Egg-cellent timing

Just this weekend we were really contemplating ending the chicken experiment early…looking up fried chicken recipes, if you catch my drift. Our lone hen must have overhead our rumbling stomachs, because this week we found a single egg sitting in the coop!

Safe for another week.

Meet our Heiheis.

This story actually begins, not with the chicken, but with a set of eggs we ordered online. Did you know you can order chicks through the mail?

We talked about getting chickens for the farm from day one, since the previous owner had already set up a coop for his racing pigeons. I have to hand it to my mother-in-law for taking on the daunting task of cleaning out the pigeon coop with a pressure washer, since I was pregnant and didn’t want to get anywhere near it.


The state fair had a lot of interesting-looking chickens, like Silkies, but we wanted birds that were good for eggs and meat.

My sister bought me Raising Chickens for Dummies, so we could research what breed to raise. Most of our farm animals have European heritage, but we decided to go for Plymouth Barred Rocks, which are an old American dual-purpose breed that is docile and good for free ranging.

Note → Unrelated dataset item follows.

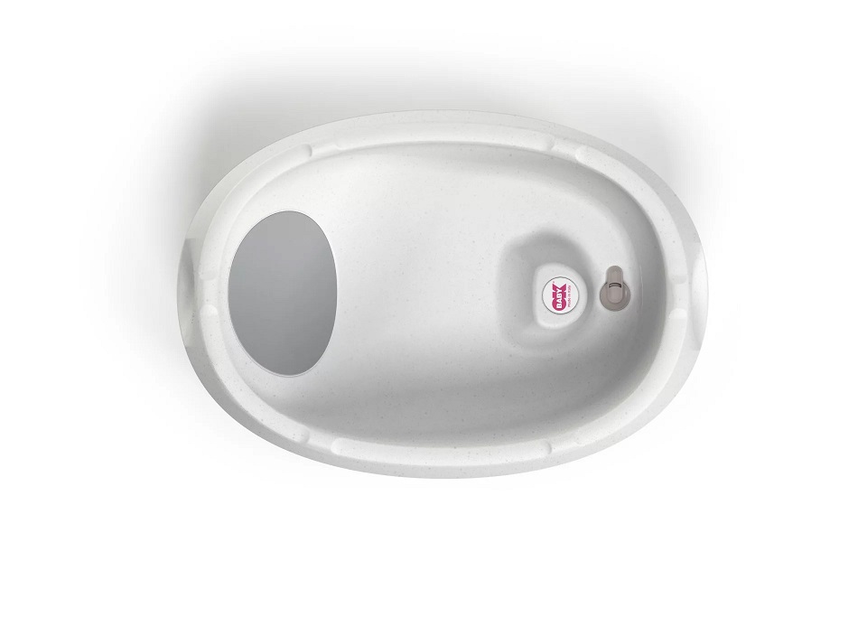 - Forma ergonomica si suportul integrat ofera o pozitie confortabila si sigura pentru bebelusi in timpul baii.

We ordered 7 PBR eggs, and they arrived packed in foam. We transferred them to our incubator and followed the directions on keeping them humid and turned.

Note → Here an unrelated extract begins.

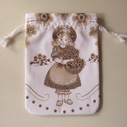 Söt flicka med blomsterkorg snoddpåse förvaringspåse fodrad inuti
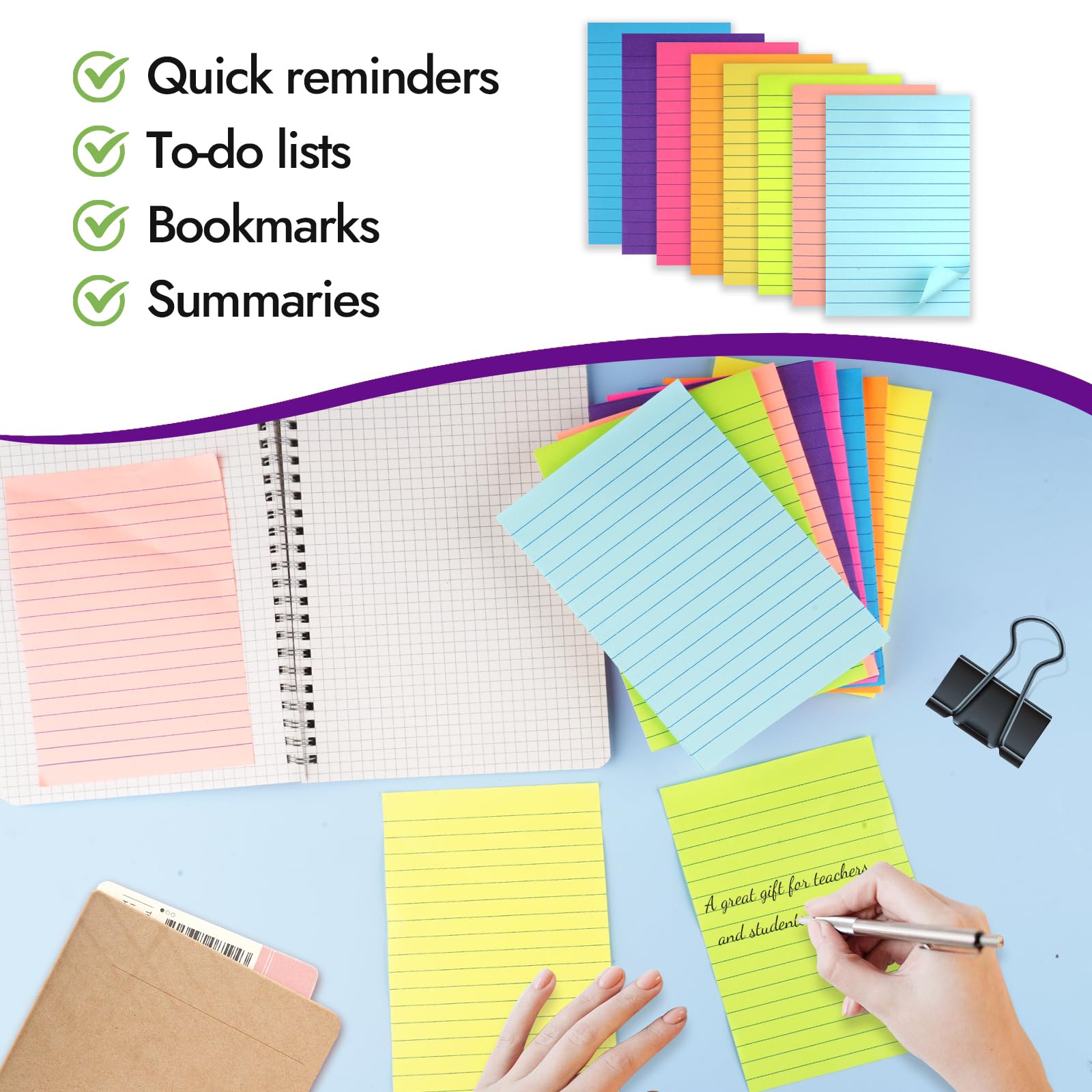 Ob im Büro, in der Schule oder zu Hause - diese Haftnotizen machen einfach Spaß und motivieren zum Organisieren. Die bunten Farben passen super zu anderen Büroartikeln und sorgen für eine fröhliche Arbeitsatmosphäre.

Not sure where we went wrong with these guys.

April Fools was coming up when we saw an opportunity to prank our family. The local tractor supply store had chicks on sale, buy 2 get 1 free. We bought a few chicks to integrate with the eggs to make it seem like some of the eggs were twins!

Unfortunately, after days and days of waiting for a spark of life from within the eggs…nothing happened. But now we were already committed to the live chicks, which were hanging out in a cardboard box inside our house.

The day before I went into labor I caught one of the chickens perched on the edge of the cardboard box, contemplating an escape. While we were at the hospital, Holly had the fun task of moving these chicks into the permanent coop and figuring out how to fill their water and feeder over text message.

You may have noticed from the first photo of the chickens that we somehow ended up with 2 roosters. Recently, one of the roosters wandered outside of the coop in an enclosed area and mysteriously died. We’re not sure if it was the other rooster or a predator that did him in.

Either way, the hen must have been feeling some pressure to perform and popped out an egg with 2 yolks. It was creamy and delicious.

The chicken and crowing rooster can stay in the coop and make free food…for now…mwahahaha. In all seriousness, I don’t know what I’m going to do if we decide to eat one of them, but I’ll save that for another post.